The New York Times reported this week that blast exposure could have played a role in the deteriorating mental health of Robert R. Card II, the shooter who left 18 people dead and 13 injured in Lewiston in October. Samples from his brain are being studied by a laboratory, at Boston University, that specializes in problems associated with brain trauma.
Card was a member of the Army Reserve where he was a petroleum supply specialist. But, he also worked as a weapons instructor, specifically teaching his Army colleagues how to throw grenades.
The soldiers from his unit told the Times he could easily have been exposed to more than 10,000 blasts in all.
It is far too early to draw clear lines to what caused Card’s deadly rampage, but with what is already known about the consequences of blast exposure, it is clear that much more research needs to be done, especially into the non-combat, but frequent, exposure that military members like Card have experienced. This research can help inform changes that should be made to minimize the impacts for service members who endure frequent blast impacts.
If a better understanding of these impacts can help prevent more families from experiencing a tragedy like what happened in Lewiston, then the military has a responsibility to pursue that additional research.
Although the military has rightly heightened its awareness of and attention to the consequences of blast exposure to those who were impacted by explosions in combat zones, it is less clear that there have been investigations into how these blasts may harm those exposed in non-combat situations, like weapons training.

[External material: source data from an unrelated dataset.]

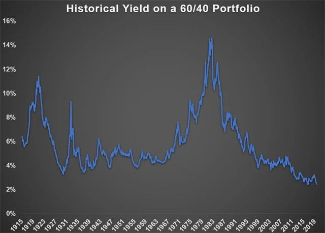 Na konci srpna se výnos 10letých bondů pohyboval okolo 1,70 % (nyní mezi 1,80 a 1,90). Ziskový výnos (v podstatě obrácený ukazatel P/E) v rámci indexu S&P 500 byl zhruba 3,5 %. Kombinovaný výnos zmíněného portfolia byl tedy jen 2,4 %. To je (společně s hodnotami z roku 2016) nejméně od roku 1915. A tak se zdá, že investovat nyní v USA do klasických aktiv je opravdu pořádná výzva.
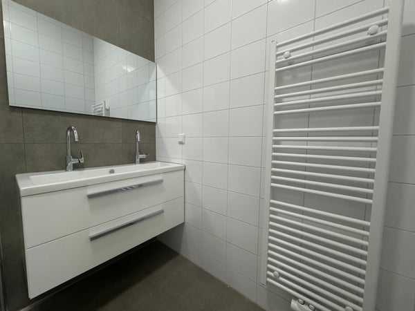 De twee comfortabele slaapkamers van respectievelijk circa 10 m² en 12 m² bieden veel natuurlijke lichtinval. De badkamer is royaal opgezet met een oppervlakte van circa 4 m² en beschikt over een moderne afwerking, een dubbele wastafel met meubel en een luxe inloopdouche. Daarnaast zijn er afzonderlijke toiletruimtes aanwezig.
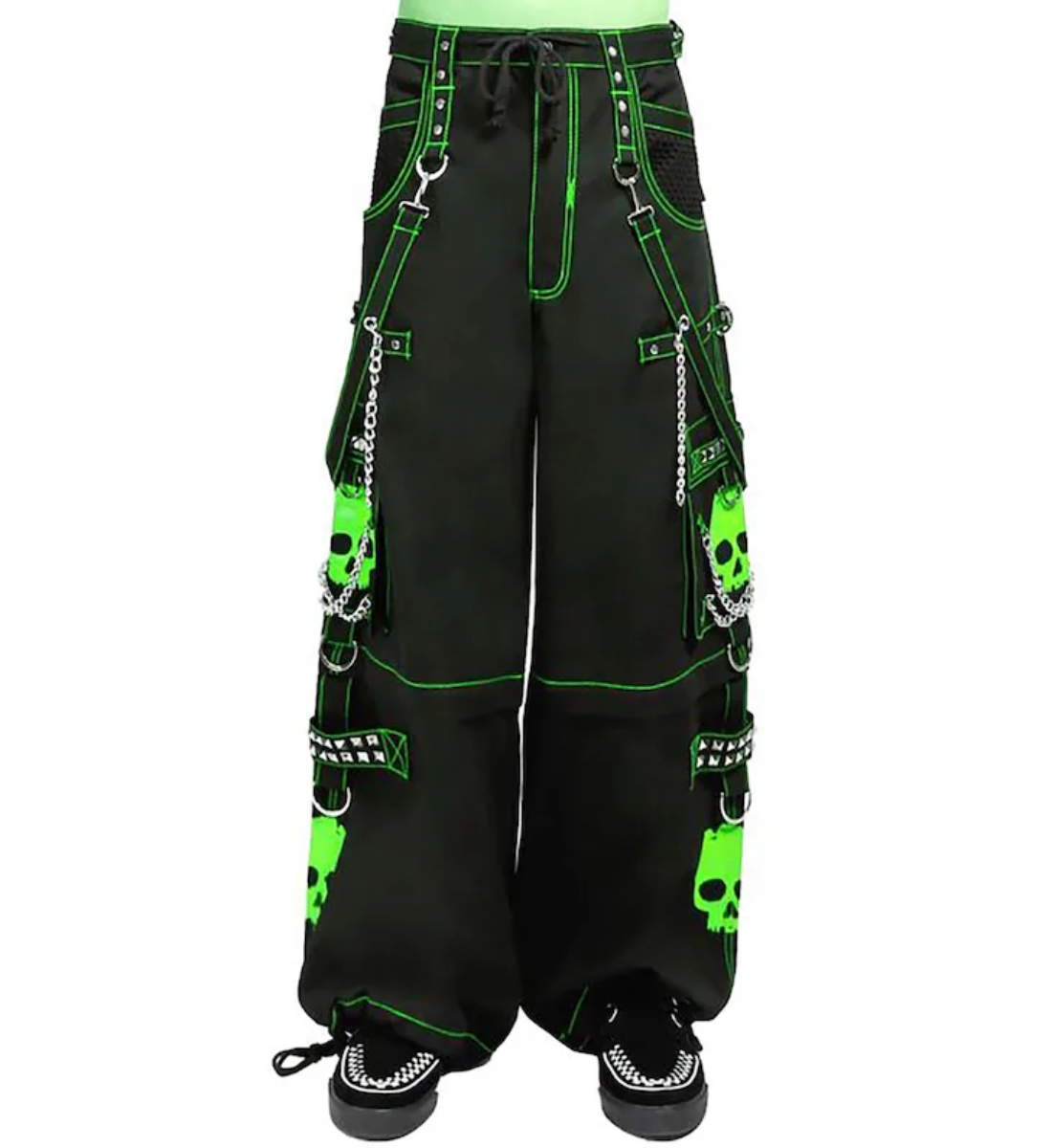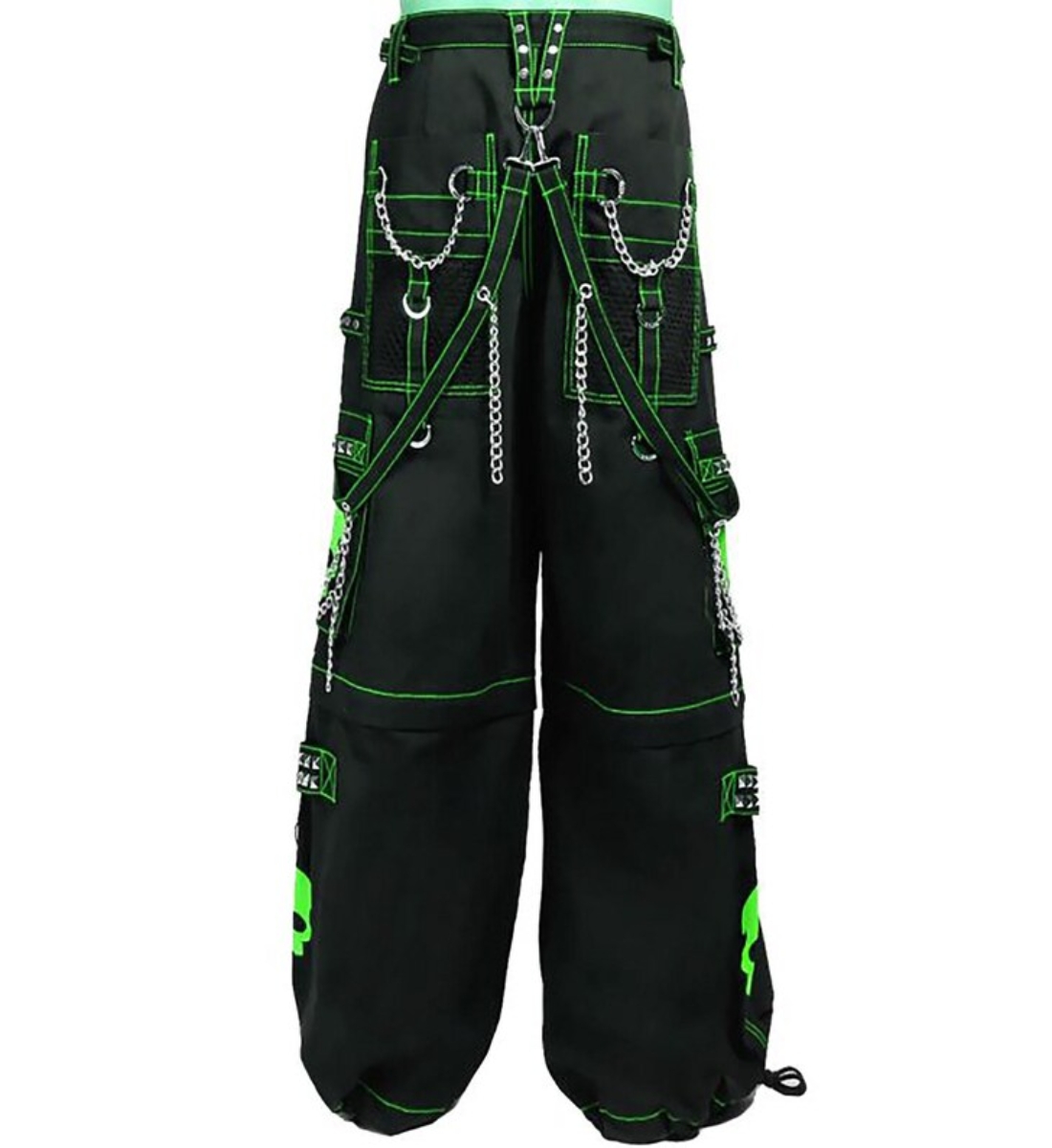 Unleash your style with the Skull Rebellion Gothic Cargo Pants. Featuring bold green super skull prints and punk chains, these unisex cargo pants are perfect for punk rock fashion, streetwear, and gothic style. Crafted from high-quality cotton polyester blend, they offer durability and comfort for any occasion, from music festivals to casual outings.

A 2020 assessment done by the Rand Corporation for the Department of Defense found that much needed information about military occupational blast (MOB) exposure was lacking. “There are no identified guidelines or models from which to determine what constitutes a safe level of repeated MOB exposure for the low levels often incurred in training or analogous settings,” the report said.

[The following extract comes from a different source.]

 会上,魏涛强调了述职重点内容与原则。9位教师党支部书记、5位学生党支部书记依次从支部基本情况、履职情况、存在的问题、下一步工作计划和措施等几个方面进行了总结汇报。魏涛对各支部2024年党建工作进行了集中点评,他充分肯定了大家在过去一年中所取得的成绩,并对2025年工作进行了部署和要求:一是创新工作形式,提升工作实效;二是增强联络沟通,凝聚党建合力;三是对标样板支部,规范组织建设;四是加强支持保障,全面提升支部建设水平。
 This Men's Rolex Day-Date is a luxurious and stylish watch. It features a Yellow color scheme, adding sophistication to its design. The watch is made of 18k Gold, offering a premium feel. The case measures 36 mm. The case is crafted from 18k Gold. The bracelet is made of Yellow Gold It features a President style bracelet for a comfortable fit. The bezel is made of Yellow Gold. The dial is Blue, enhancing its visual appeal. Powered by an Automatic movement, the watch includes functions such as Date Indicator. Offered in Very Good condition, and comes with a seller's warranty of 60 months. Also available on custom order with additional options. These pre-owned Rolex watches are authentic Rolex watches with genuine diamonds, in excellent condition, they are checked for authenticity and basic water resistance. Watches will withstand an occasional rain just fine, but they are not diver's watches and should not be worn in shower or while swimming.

Rand and other researchers have made it clear that more assessments are needed. Here’s an assessment from a Veterans Administration press release about such research last year:
“The most important thing we can contribute to the study of blast is an understanding of who is at risk for poor outcomes following blast exposure, or potentially due to their history of blast exposure,” Jared Rowland, a member of VA’s Mid-Atlantic MIRECC (Mental Illness Research Education and Clinical Center) said in a February 2022 press release about a recent study of these impacts. “The reason for trying to understand how blast exposure is related to outcomes, such as psychiatric symptoms, is to prevent them from happening and to have effective treatments when they do.”
The Card case may be one more example of why this research is so important – to prevent future blast injuries and to more effectively treat the ones that already exist.